Accession Number : ADA290298
Title : Crystallization Behavior and Microstructure Evolution of (Al,Fe)2O3 Synthesized from Liquid Precursors.
Corporate Author : CALIFORNIA UNIV SANTA BARBARA DEPT OF MATERIALS
Personal Author(s) : Polli, Andrew D. ; Lange, Fred F. ; Levi, Carlos G.
PDF Url : ADA290298
Report Date : DEC 1994
Pagination or Media Count : 37
Abstract : Aqueous solutions of Al3+ and Fe3+ nitrates were used to produce (Al,Fe)2O3 amorphous solid solutions with up to 50 mole% Fe2O3. Following subsequent heat treatments, all compositions first crystallized to gamma(Al,Fe)2O3 and those with greater than 20% Fe2O3 ultimately partitioned into a mixture of Al2O3- and Fe2O3-rich alpha phase as predicted by the equilibrium diagram. There were, however, several possible transformation paths between the gamma phase and the final microstructure. Compositions with 10 and 20% Fe2O3 both formed an extended a solid solution which partitioned only sluggishly at 1100 deg C. In contrast, powders with compositions above 30% Fe2O3 formed an intermediate meta table orthorhombic phase (O) based on the equiatomic AlFeO3 compound, but also decomposed eventually into the mixture of two alpha phases. It appears that the alpha mixture may evolve directly from gamma for compositions near 30%Fe2O3, but clearly forms from O as the Fe content increases. Resistance to partitioning also reaches a minimum at approx. 30%Fe2O3. The alpha grain size approx,1 micrometer for compositions less than 5%Fe2O3, and decreases to less than 200 nm for compositions greater than 10%Fe2O3 synthesized at 900 deg C, reflecting the strong effect of Fe2O3 on grain refinement relative to pure Al2O3. The formation of single phase alpha in compositions less than 20% Fe2O3 appears to occur without the prior nucleation of Fe2O3-rich 'seeds', as suggested in the literature, whereas the partitioned alpha mixtures exhibit orientation relationships suggestive of epitaxial nucleation of one phase on the other.
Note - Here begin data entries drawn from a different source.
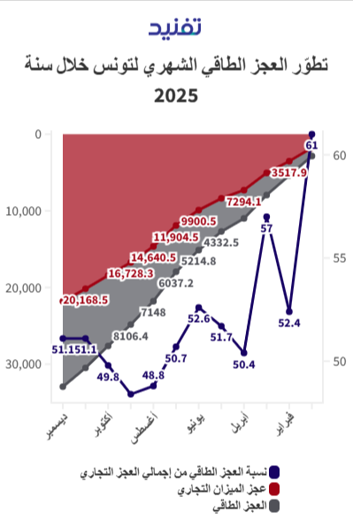 وكان العجز الطاقي قد مثّل كذلك 51.1% من العجز التجاري لتونس إلى نوفمبر 2025، حيثُ بلغت قيمته 10 آلاف و308 ملايين دينار من إجمالي 20 ألفا و168 مليون دينارا وفقا لبيانات التجارة الخارجيّة بالأسعار الجارية لشهر نوفمبر 2025، الصادرة عن المعهد الوطني للإحصاء.
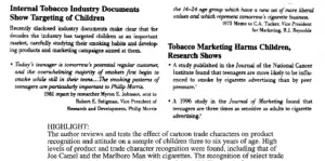 Un predictor de adicción en niños era conocer a Joe Camel (un camello antropomórfico destinado a atraer la atención de niños de 14 a 18 años). Ahora sabemos que las tabacaleras desarrollaron y usaron a este personaje para captar y retener al público infantil (5,6). El personaje causó tanta controversia en Estado Unidos que dejó de utilizarse en 1997.
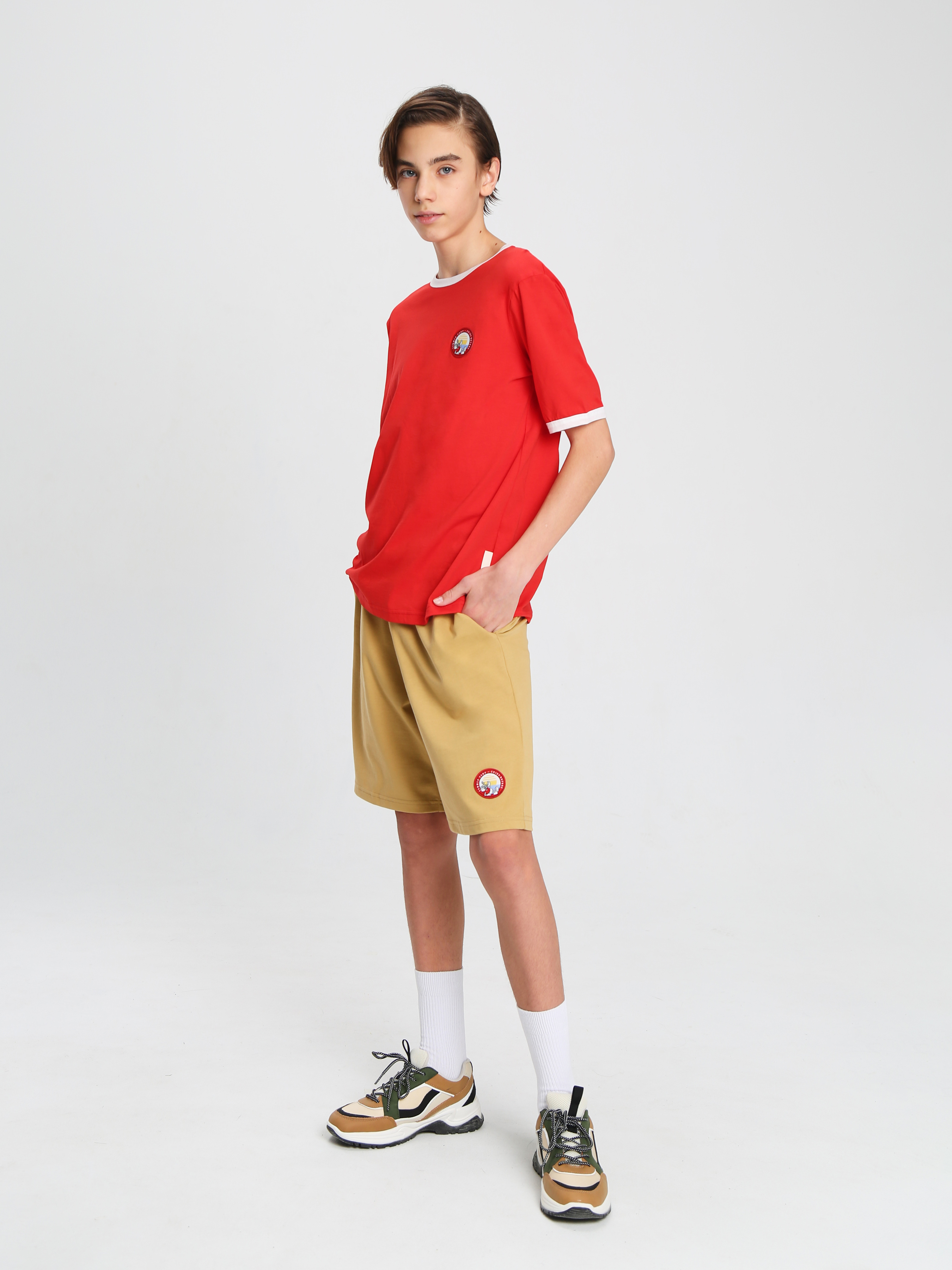 Летние шорты для мальчика на резинке SMENA, выполнены из качественного трикотажа, благодаря которому они мягкие и приятные на ощупь. Шорты для мальчиков хорошо тянутся, не сковывают движений и легко возвращается к своей первоначальной форме. Шорты детские дополнены стильным ассиметричным задним карманом и небольшим текстовым принтом спереди. Талия выполнена на резинке, а для дополнительной регулировки предусмотрен шнурок.
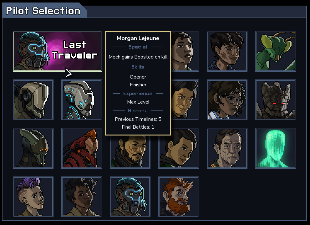 "Pilot_Original") Experienced: Gain +2 bonus XP per kill. (Ralph Karlsson) "Pilot_Repairman") Frenzied Repair: Push adjacent tiles when repairing. (Harold Schmidt) "Pilot_Assassin") Armored: Mech gains Armored. (Abe Isamu) "Pilot_Genius") Starting Shield: Mech starts every mission with a Shield. (Bethany Jones) "Pilot_Hotshot") Maneuverable: Mech can move through enemy units. (Henry Kwan) "Pilot_Warrior") Preemptive Strike: Deploy anywhere on the map, damaging adjacent enemies. (1 power required) (Gana) "Pilot_Recycler") Flying: Mech gains Flying (1 power required) (Prospero) "Pilot_Youth") Impulsive: Gain +3 Move on first turn of every mission. (Lily Reed) "Pilot_Leader") Sidestep: After attacking, gain 1 free tile movement. (Chen Rong) "Pilot_Soldier") Evasion: Mech unaffected by Webbing and Smoke. (Camila Vera) "Pilot_Medic") Temporal Reset: Gain 1 extra 'Reset Turn' every battle. (Isaac Jones) "Pilot_Miner") Double Shot: Mech can act twice if it does not move. (2 power required) (Silica) "Pilot_Aquatic") Fire-and-Forget: Move again after shooting. (1 power required) (Archimedes) "Pilot_Mantis") Mantis: 2 damage melee attack replaces Repair. (Kazaaakpleth) "Pilot_Zoltan") Zoltan: +1 Reactor Core. Reduce Mech HP to 1. Gain Shield every turn. (Mafan) "Pilot_Rock") Rockman: +3 Health and immune to Fire. (Ariadne) "Pilot_Arrogant") Arrogant Boost: Mech is Boosted if full health, otherwise -1 Move. (Kai Miller) "Pilot_Caretaker") Reassuring Hand: After Move, Repair adjacent Mechs. (Rosie Rivets) "Pilot_Chemical") Field Research: Mech gains Boosted on kill. (Morgan Lejeune) "Pilot_Delusional") Chosen One: On Reset Turn, gain Shield and +2 Move. (Adam)
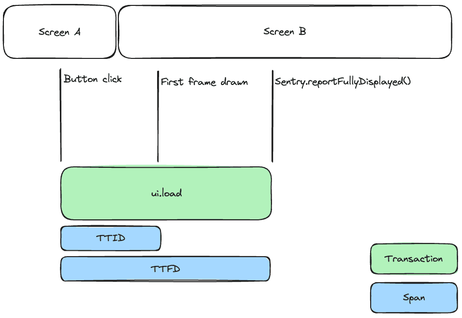 By adding a span for each launch of an activity, time to initial display (TTID) provides insight into how long it takes for your activities to launch and draw their first UI frame. The SDK sets the span operation to ui.load.initial-display
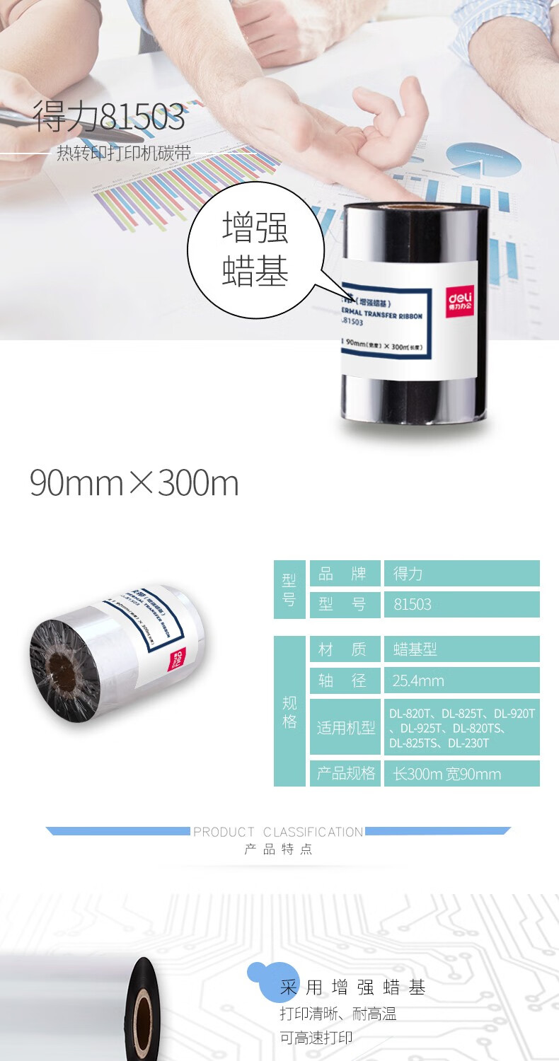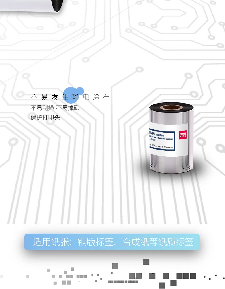 得力81523普通蠟基碳帶90mm*300m*6
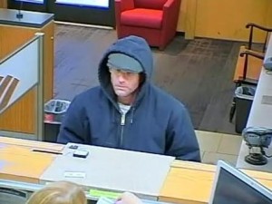 The suspect is described as a white male in his 40s, approximately 5 feet 8 inches tall, with a thin build, gray facial hair, thin wire rimmed glasses, wearing a blue hooded sweatshirt, dark pants and no gloves or mask.
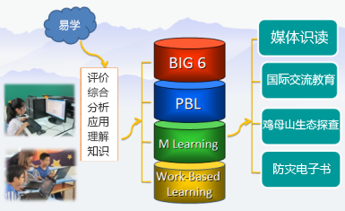 本教學(xué)團(tuán)隊(duì)以Big 6 教學(xué)模式為基礎(chǔ),將媒體識(shí)讀主題于語文領(lǐng)域的教學(xué)活動(dòng)歷程規(guī)劃如Big 6 教學(xué)模式所示的三階段六步驟,包括教學(xué)前、教學(xué)中以及教學(xué)後等階段。在教學(xué)前界定語文領(lǐng)域的修辭(回文、轉(zhuǎn)化、雙關(guān)..),如何以信息融入的方式學(xué)習(xí)(單槍投影機(jī)、電子白板、PPT..)信息工具的選用,云端信息平臺(tái)的架構(gòu)(WINDOWS LIVE @EDU)在教學(xué)歷程中運(yùn)用,并鼓勵(lì)學(xué)生發(fā)想、界定問題,再依學(xué)校e 化環(huán)境設(shè)備,使用適當(dāng)?shù)拿襟w與教材,激發(fā)學(xué)生參與實(shí)際動(dòng)手操作練習(xí),提升學(xué)習(xí)效率。最后再借由教師的引導(dǎo)整合學(xué)習(xí)的信息,評(píng)鑒整個(gè)教學(xué)活動(dòng)過程中,依據(jù)教學(xué)前設(shè)置之學(xué)習(xí)目標(biāo)進(jìn)行評(píng)鑒學(xué)習(xí)效果,以做為下一次調(diào)整教學(xué)之依據(jù)。

An enhanced understanding of the thermodynamics and transformation kinetics of this system emerges from the analysis of the present microstructures. (jg)
Descriptors : *LIQUIDS, *PRECURSORS, *CRYSTALLIZATION, *IRON, *OXIDES, *ALUMINUM, *EVOLUTION(GENERAL), MICROSTRUCTURE, THERMODYNAMICS, POWDERS, COMPOSITE MATERIALS, PATHS, ORIENTATION(DIRECTION), EPITAXIAL GROWTH, METAL MATRIX COMPOSITES, EQUILIBRIUM(GENERAL), NUCLEATION, MIXTURES, HEAT TREATMENT, CERAMIC MATERIALS, GAMMA RAYS, KINETICS, REFINING, SOLID SOLUTIONS, GRAIN STRUCTURES(METALLURGY), DIAGRAMS, TRANSFORMATIONS.
Subject Categories : Inorganic Chemistry
Laminates and Composite Materials
Distribution Statement : APPROVED FOR PUBLIC RELEASE